At Oxeon, we work closely with the clinician-operators, product leaders, and executives who are navigating this exact transition. Rebecca’s story underscores what we see every day: the future of healthcare leadership is cross-functional, mission-driven, and deeply informed by frontline experience. For clinicians considering broader leadership roles, founders building in health tech, and investors backing the next generation of care models, this episode reminds us that the most durable healthcare innovation starts with those who understand care from the inside.

Catch the Episode

Listen on Spotify or Apple Podcasts

About Our Guest

Rebecca Mitchell, MD is a physician-turned-digital health innovator and investor who has devoted her career to ensuring that high-quality scientific advancement and medical care reach every person, regardless of birthplace or means. Raised in a “healthcare desert,” Rebecca pursued a formal medical training and applied her clinical insight to some of the most under-resourced healthcare settings in the world, making her understanding of the scale of suffering and the potential for change crystal clear and deeply personal. As one of the first clinical product leaders in digital health, Rebecca has built and led digital and virtual care products at both startup and public companies with products that now reach tens of millions of patients worldwide. Alongside building these platforms, she has coached teams on how to embed clinical expertise directly into technology companies, bridging the gap between front-line care experiences and digital innovation.

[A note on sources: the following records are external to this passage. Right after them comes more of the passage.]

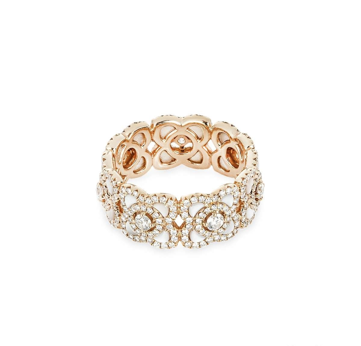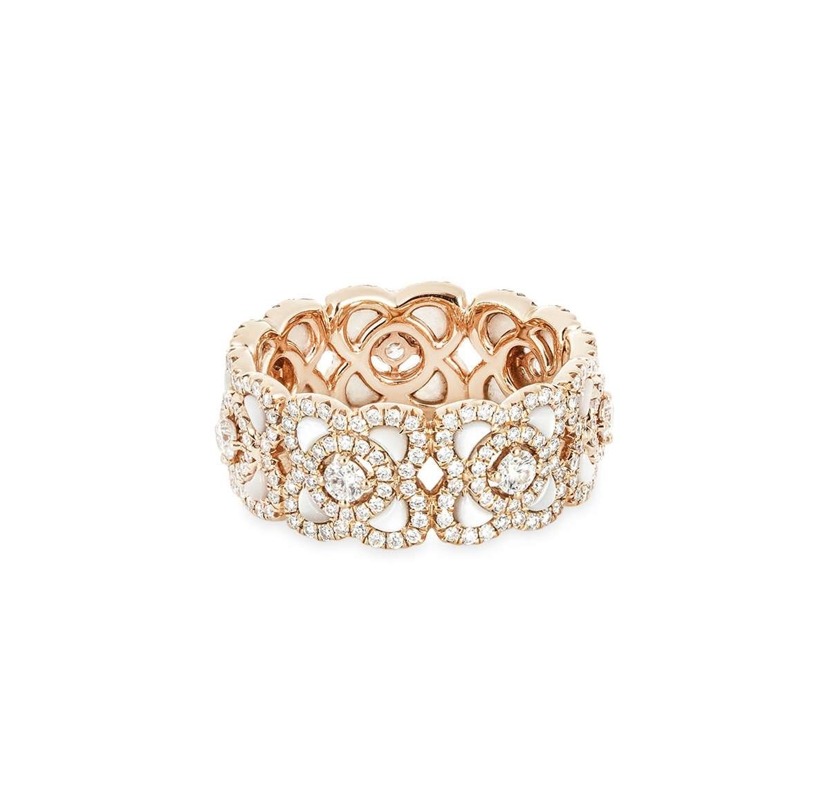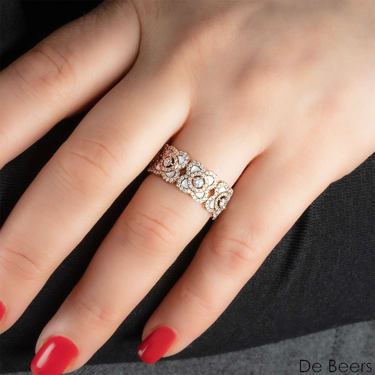De Beers Rose Gold Diamond & Mother Of Pearl Enchanted Lotus Ring Size 55 PRICE: £ 4,950 UK O - EU 55 Available MINT (Pre-owned) Cannot be resized DETAILS An elegant 18k rose gold diamond ring by De Beers from the Enchanted Lotus collection. The band is set with 7 lotus motifs with mother of pearl inlays, pave set throughout with 301 round brilliant cut diamonds with an approximate total weight of 1.26ct, E-G colour and VS clarity. The 8mm wide ring is a size O and has a gross weight of 7 grams. Comes complete with a RichDiamonds presentation box and our own certificate of authenticity. ——— Rich Diamonds VAT Registration No. GB140533939 Company number 07598033 74 New Bond St, London W1S 1RT, United Kingdom
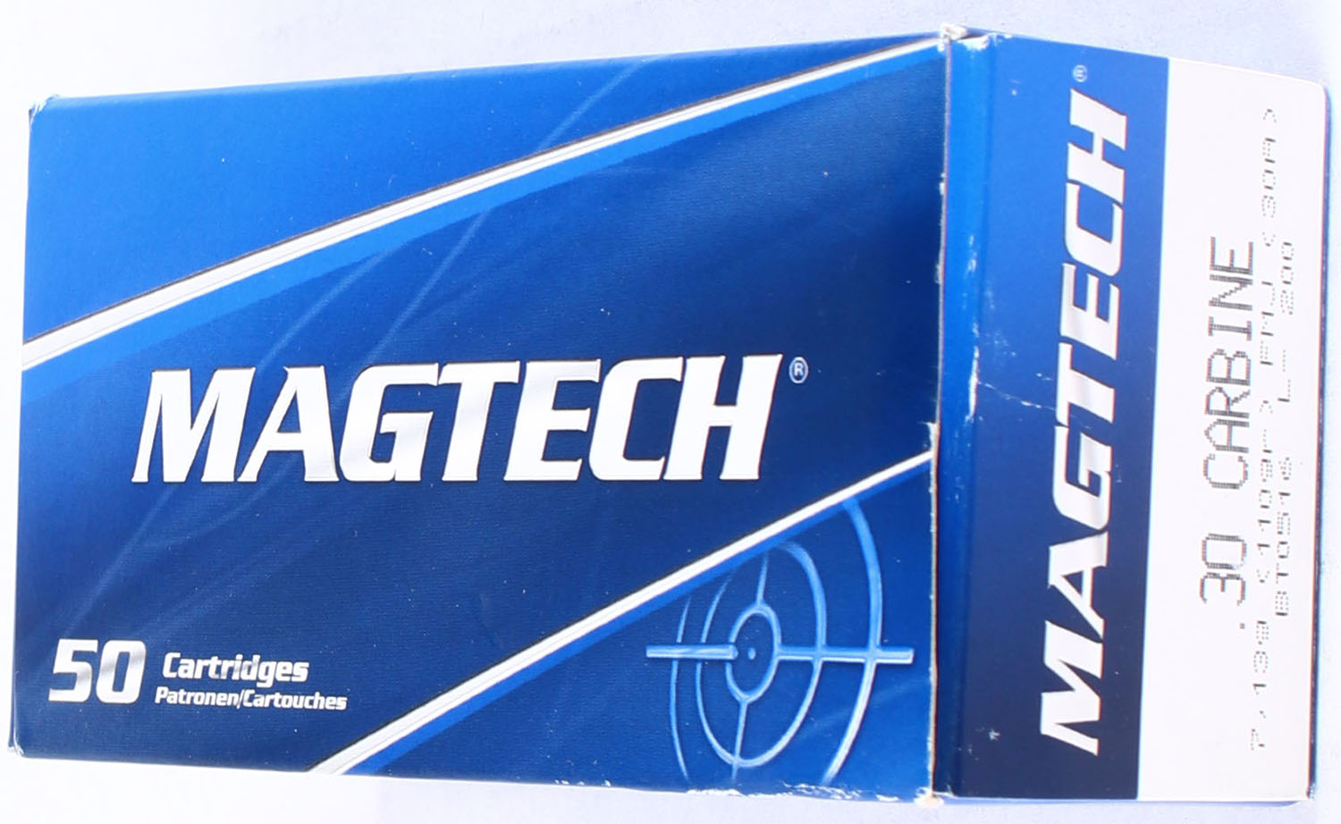 Magtech, .30 Carbine, 110 Grain FMJ, Full, 1pc., Multi-colored box, box is solid, ammo is excellent. Grade: MINT - Value: 30 to 50
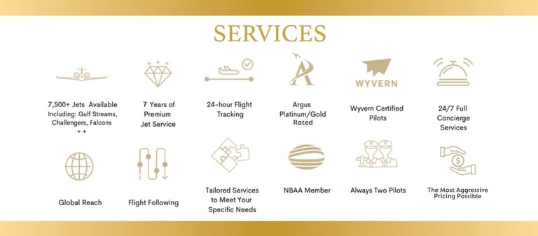 Every partner we work with meets the most stringent safety standards in private aviation, including Wyvern certification and ARGUS ratings. Peace of mind is part of the luxury.
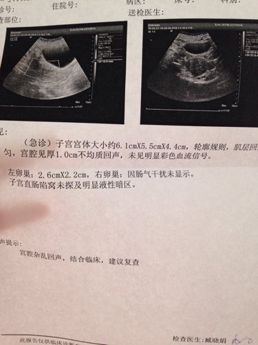 药流后做B超显示、子宫宫体大小约6.1m×5.5m×4.4cm\轮廓规则、肌层回声均匀、宫腔见厚1
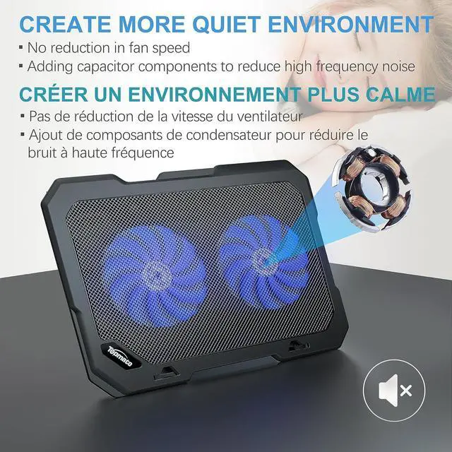 Quiet FansThe laptop fan has two 4.93 inch quiet fans which will not disturb you during heat dissipation.
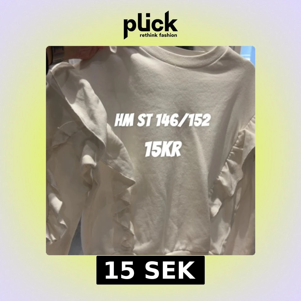 Supersöt vit tröja från H&M med volangdetaljer längs ärmarna. Tröjan har rund halsringning och är långärmad, perfekt för dig som gillar en stilren men ändå lekfull look.
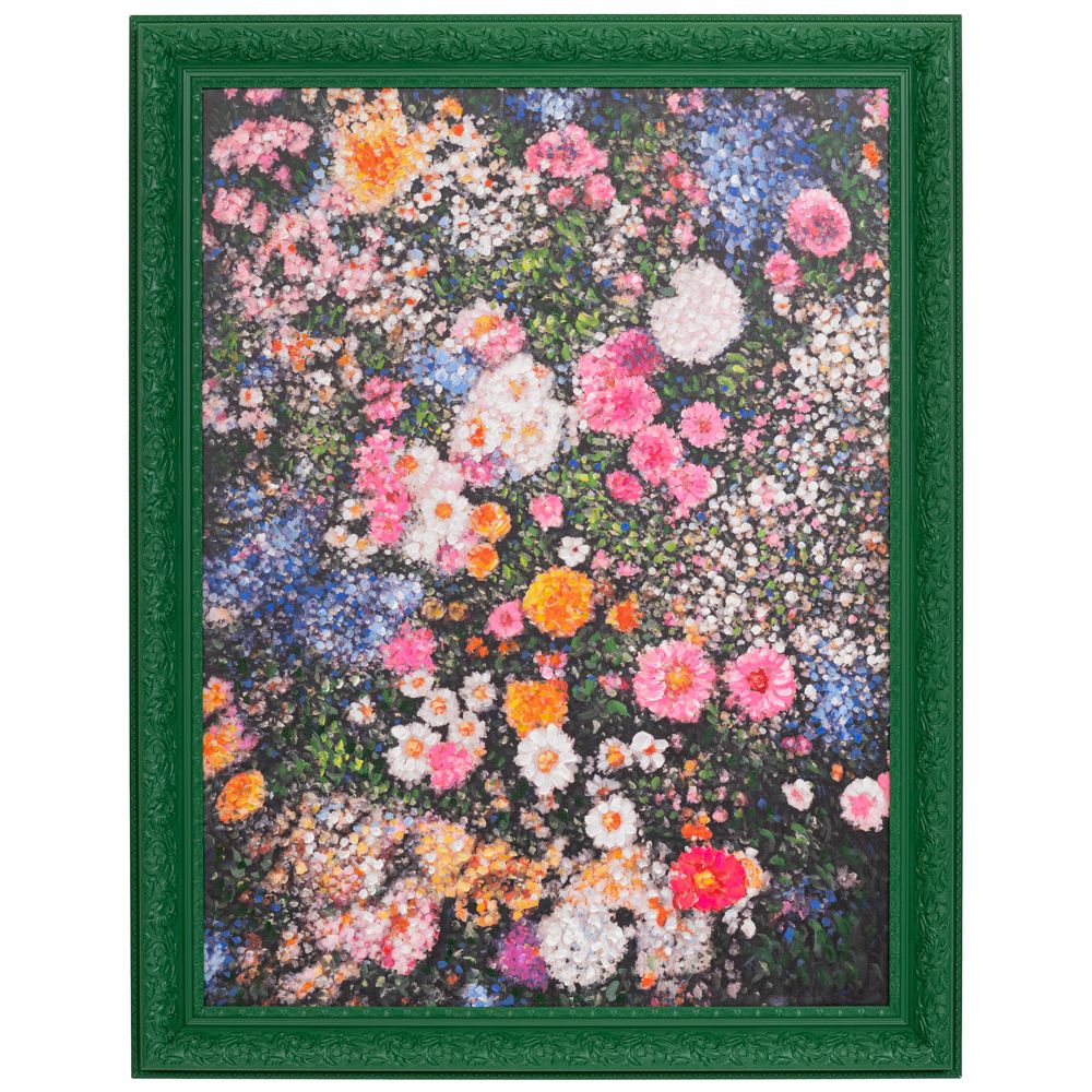 ΠΙΝΑΚΑΣ ΧΕΙΡΟΠΟΙΗΤΟΣ ΜΕ ΛΟΥΛΟΥΔΙΑ ΣΕ ΠΡΑΣΙΝΗ ΚΟΡΝΙΖΑ 107Χ139ΕΚ (90Χ120)

Rebecca is a founding partner of Scrub Capital, an early-stage venture fund that operates on the belief that seasoned clinicians (not just traditional investors) are the key to early-stage health-tech company building. Under her leadership, Scrub Capital has mobilized a community of hundreds of clinicians, founders, and operators whose collective perspectives inform both investment decisions and post-investment portfolio support. Rebecca currently blends her clinical background, product-building experience, and investment leadership to back and build solutions that not only scale, but honor clinical integrity, equity, and impact.